Search
Close this search box.
EcoStory

Kabar Baik, Wilayah Adat Gelek Ulim Abgies Pela Mendapat Pengakuan Pemerintah

Bagikan Tulisan
(Yayasan EcoNusa/Lutfy Mairizal Putra)

Januari 2023 ditutup dengan kabar gembira bagi masyarakat Suku Moi, terutama yang menempati Kampung Kwakeik di Distrik Klayili, Kabupaten Sorong, Papua Barat Daya. Penjabat (Pj) Bupati Sorong, Yan Piet Moso menerbitkan Surat Keputusan Bupati Sorong Nomor 593.2/KEP.77/TAHUN 2023 tentang Pengakuan Hak Gelek Ulim Abgies Pela. Gelek Ulim Abgies Pela merupakan bagian dari Suku Moi. Wilayah adatnya berlokasi di Kampung Kwakeik yang berbatasan langsung dengan lima gelek (marga), yakni Ulim Abgies Kiem, Ulim Abya Pela, Mobalen Klatomok, Kadakolo Awenolo, dan Kadakolo Tiliwolo.

“Kami sangat berterima kasih kepada pemerintah daerah atas kerja sama dan dukungannya, mulai dari proses pemetaan, sidang adat, verifikasi, hingga terbitnya surat keputusan tentang wilayah adat kami ini,” ucap Pile Ulimpa, perwakilan masyarakat adat di Kampung Kwakeik saat diwawancara melalui telepon pada Senin, 6 Februari 2023.

Baca juga: Sidang Adat Pengakuan Hak Gelek Ulim Abgies Pela dan Ulimpa Obokmala Berlangsung Baik

Pile menjelaskan, masyarakat adat Moi di Kampung Kwakeik telah memperjuangkan wilayah adatnya agar diakui secara resmi oleh pemerintah.
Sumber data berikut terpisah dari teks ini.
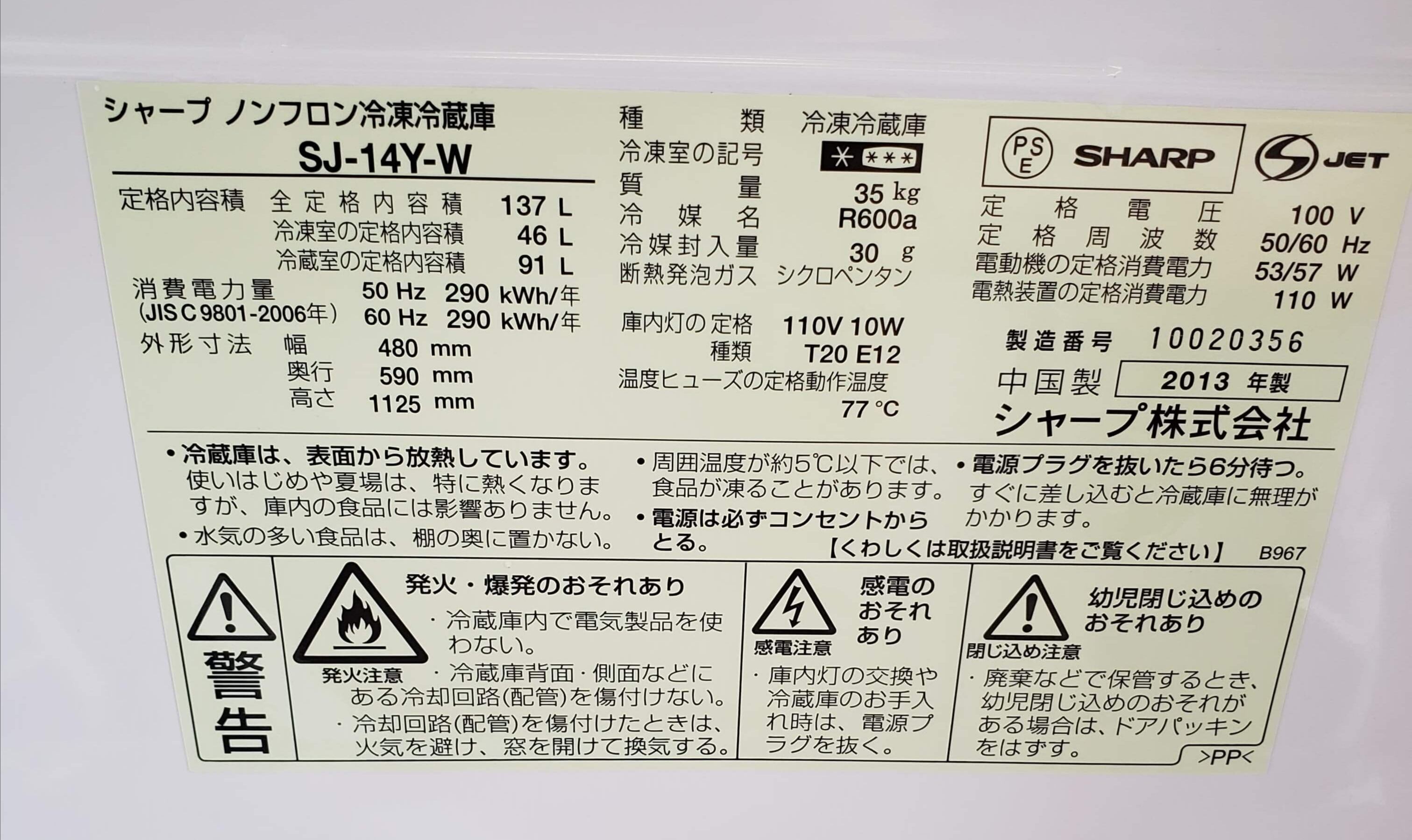 2013年製 SHARP ノンフロン冷凍冷蔵庫 137L SJ-14Y-W
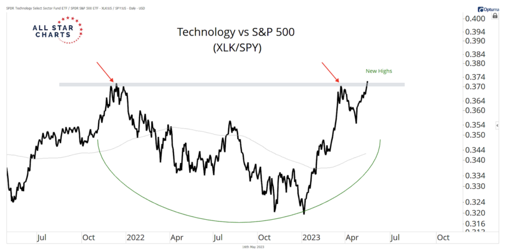 And here’s an interesting “ratio” chart (courtesy of All Star Charts) that cements my view that tech is where we should be looking for breakouts right now.
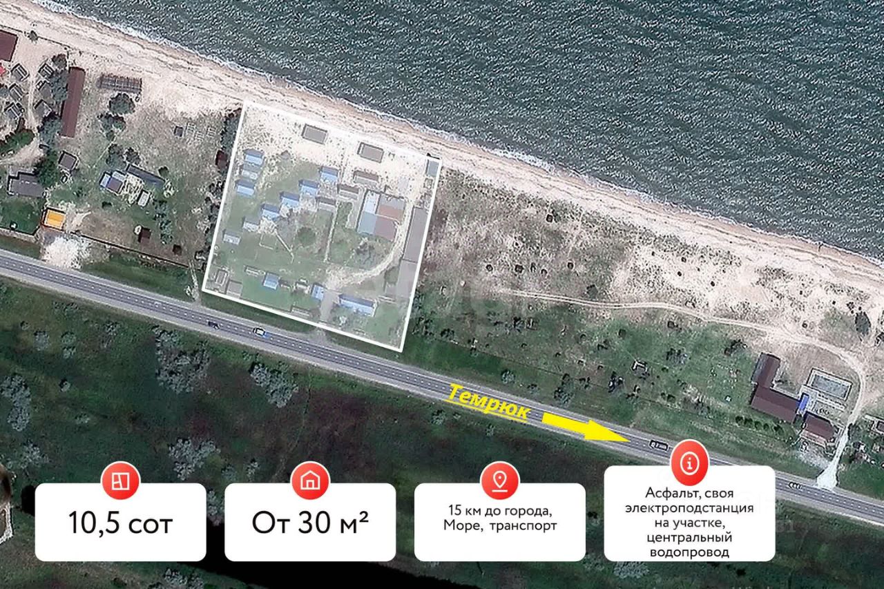 База отдыха в поселке Пересыпь представляет собой готовый к эксплуатации курортный комплекс площадью 1,05 га, расположенный непосредственно на первой береговой линии Азовского моря.
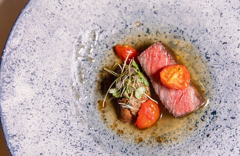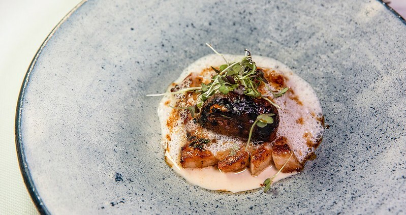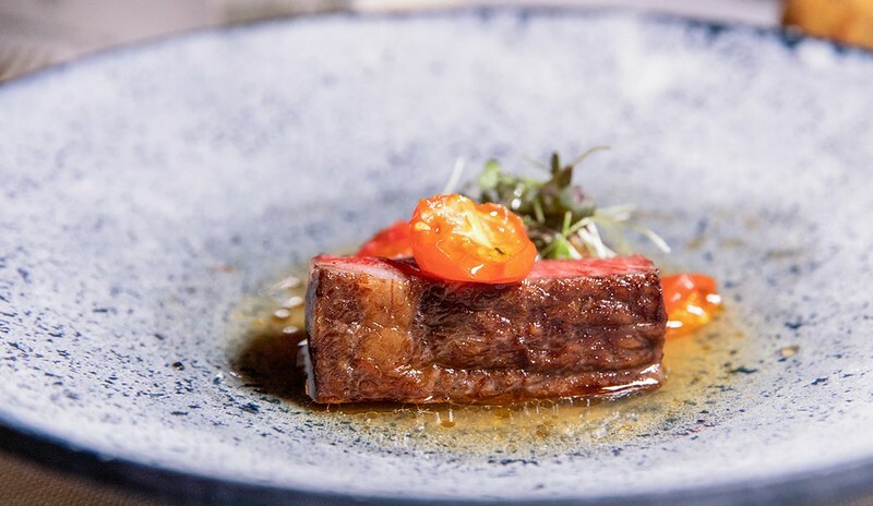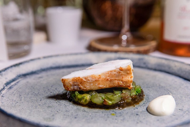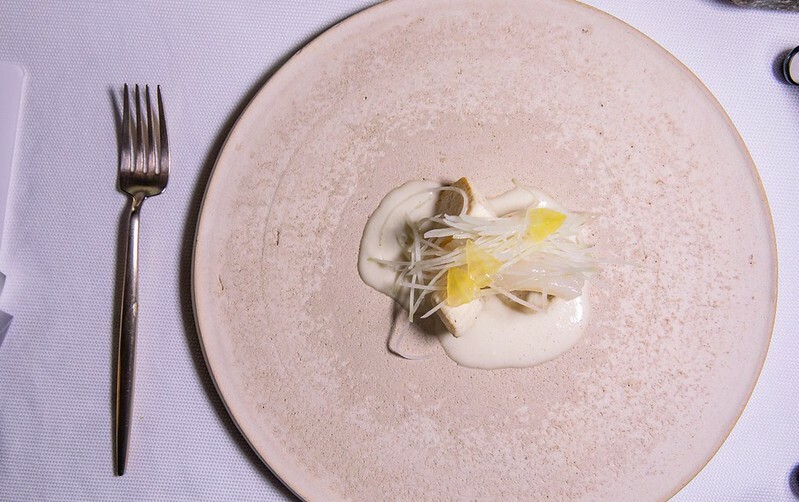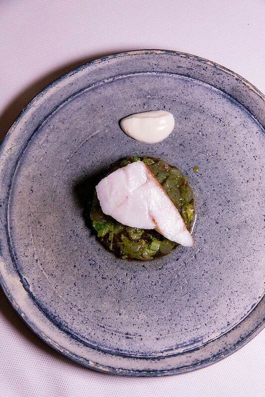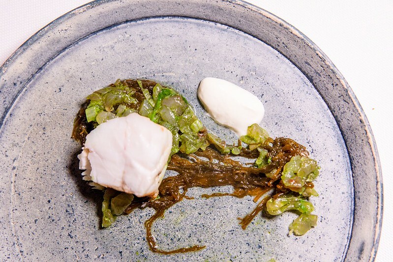 說是石班魚的一種,但吃起來又特別的軟嫩,幾乎沒有油質的魚肉,咀嚼端散滿著滿滿魚鮮,底下是沖繩的野菜、海藻舖陳的海洋舞台,多少加強了一點海的鹹味和沖繩料理的野性,搭配有著酸奶微清新的鮮奶油,便是法式日餐醬汁的精髓,簡單又不失味覺上的華麗。

Terhitung sejak September 2021 hingga sekarang, Suku Moi tak henti-hentinya berupaya mendapatkan pengakuan untuk tanah adatnya. “Kami tahu bahwa selama ini kami punya wilayah adat, tapi kami belum memenuhi persyaratan (untuk mendapat pengakuan dari pemerintah),” kata Pile.

Dalam prosesnya untuk mendapatkan surat keputusan tentang pengakuan wilayah adat ini, Yayasan EcoNusa bersama Ikatan Pelajar Mahasiswa Kampung Kwakeik Raya (IPMKKR) hadir dan berupaya mendukung masyarakat di Kampung Kwakeik. Salah satunya dengan mendampingi masyarakat memetakan tanah adat mereka yang menjadi salah satu syarat fundamental dalam proses pengakuan tanah adat oleh pemerintah daerah.
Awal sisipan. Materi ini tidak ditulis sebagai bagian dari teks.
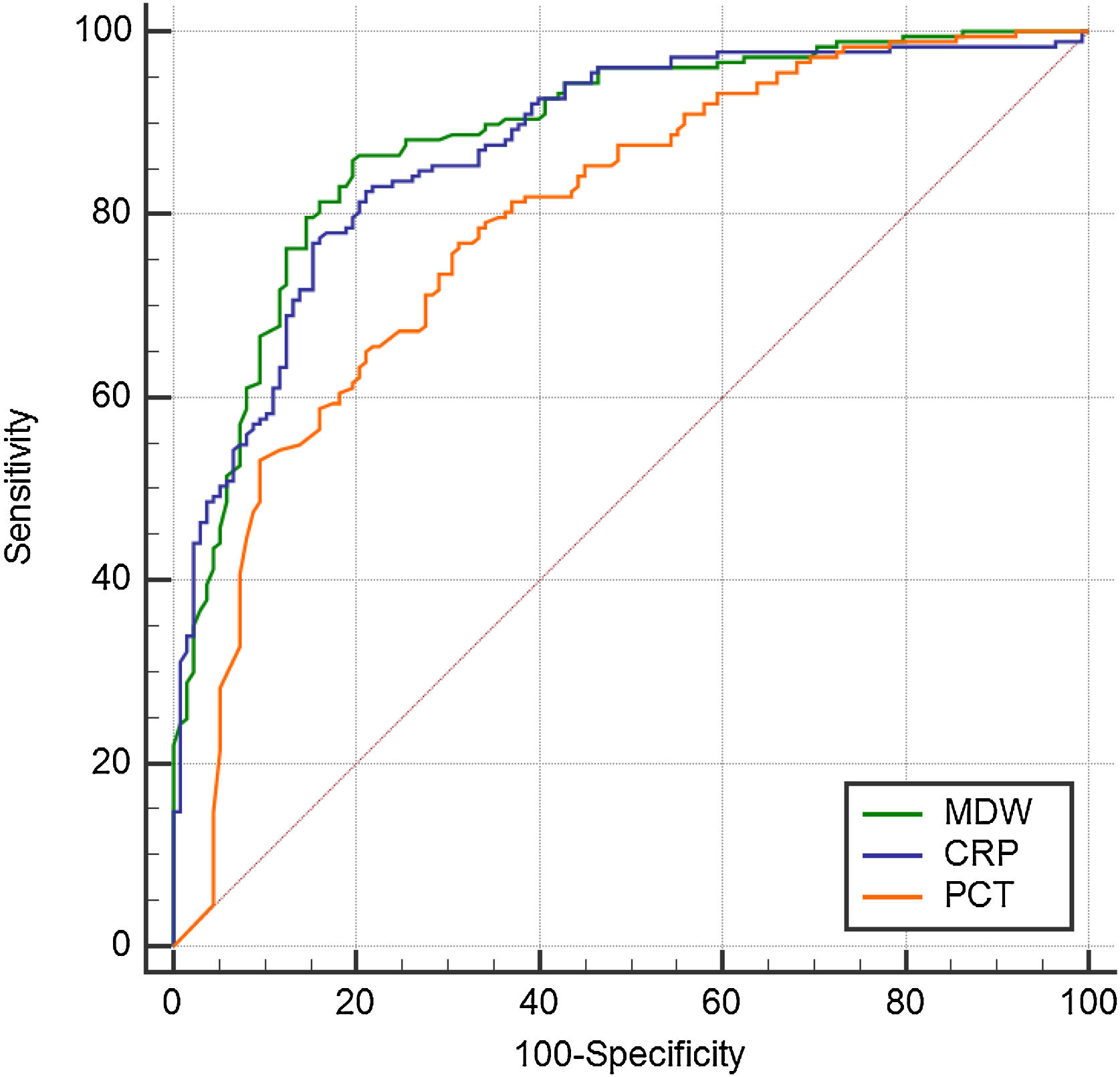 Métodosestudio de cohortes prospectivo realizado en pacientes de UCI. Se evaluaron el MDW, la PCR, la PCT y los leucocitos para el diagnóstico de sepsis en el momento del ingreso en UCI.
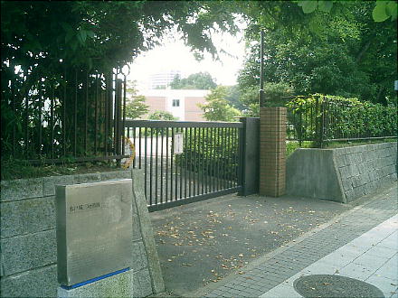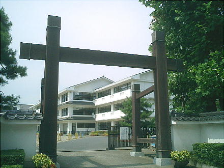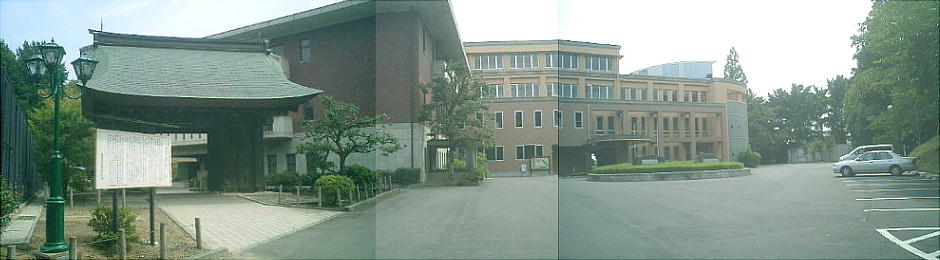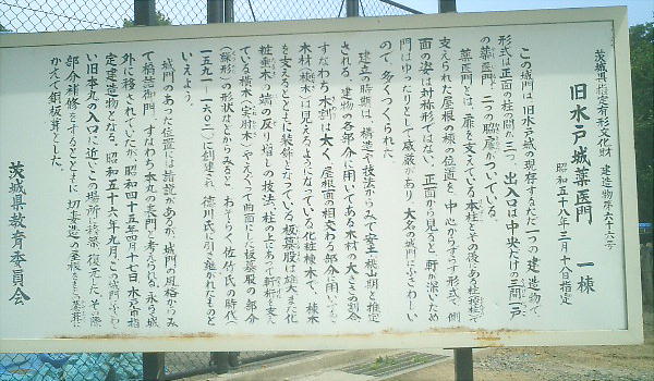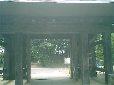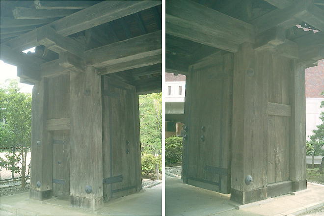 太い柱を持つ三間一戸の薬医門である。現在は銅板葺きとなっているが、本来は茅葺であった。本丸跡は校舎が建ってしま
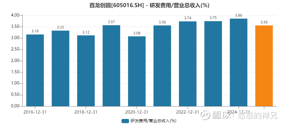 百龙创园的研发投入展现了极强的战略决心和持续加速的态势。与销售和管理费用不同,公司的研发费用无论从绝对金额还是占收入比例上,都呈现出清晰的、加速的上升趋势。这表明,技术创新不仅是公司的成本项,更是其发展的核心驱动引擎和最重要的战略投资方向。禅兄具体展开说一下:
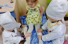 В нашем детском саду дети очень любят играть в сюжетно-ролевые игры. Для игры в эти игры в нашем саду есть все необходимые игрушки. С особой любовью дети играют в сюжетно-ролевую игру "Поликлиника". Они "лечат" игрушечных зверей и кукол. С помощью игрушечных медицинских устройств осматривают "больных", измеряют температуру, делают уколы. Через эту игру дети понимают, что не стоит бояться идти к врачу.
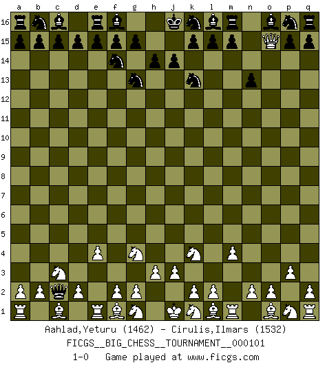 Last move : 1-0 2016 January 15 19:14:24 [Event "FICGS__BIG_CHESS__TOURNAMENT__000101"] [Site "FICGS"] [Date "2015.12.26"] [Round "1"] [White "Aahlad,Yeturu"] [Black "Cirulis,Ilmars"] [Result "1-0"] [WhiteElo "1462"] [BlackElo "1532"] 1.m2-m4 j15-k13 2.j2-k4 h15-g13 3.e2-e4 n15-n13 4.h1-o7 g16-f14 5.o7-o15 h16-l13 6.p2-p3 l13-c5 7.h2-g4 c5-c2 8.b1-c3 1-0 Follow this game move after move (download)Chess, like any creative activity, can exist only through the combined efforts of those who have creative talent, and those who have the ability to organize their creative work. (Mikhail Botvinnik) Frage des Reporters: -Worin besteht das Ziel von Gambiteröffnungen? Antwort: -Auf Kosten der Partie einen Ruf als Angriffspieler zu erwerben.- (Siegbert Tarrasch) Al jugar al Ajedrez entonces, podemos aprender: Primero: Previsión... Segundo: Prudencia... Tercero: Cautela... Y al final, aprendemos del Ajedrez el hábito de no ser desanimados por apariencias malas presentes en el estado de nuestros asuntos, el hábito de la esperanza por una oportunidad favorable y la perseveración de los secretos de los recursos. (Benjamin Franklin) La guerre est enfant de la passion, la passion est enfant du narcissisme et le narcissisme est l'enfant. (...) Une autre partie ? (Thibault de Vassal) Perception is reality. (Immanuel Kant)

Pemetaan wilayah adat tersebut kemudian dilanjutkan dengan sidang adat guna mendapatkan pengakuan dari gelek yang wilayahnya bersinggungan dengan wilayah adat mereka. Sidang adat pertama telah dilaksanakan pada 2021 dan sidang adat kedua digelar pada 13 Mei 2022 di Kampung Klayili, Distrik Klayili. Hasil sidang adat penting dalam proses ini karena berisi kesepakatan yang harus dipatuhi oleh antargelek yang wilayahnya saling berbatasan, sehingga mencegah terjadinya konflik antarmarga di kemudian hari.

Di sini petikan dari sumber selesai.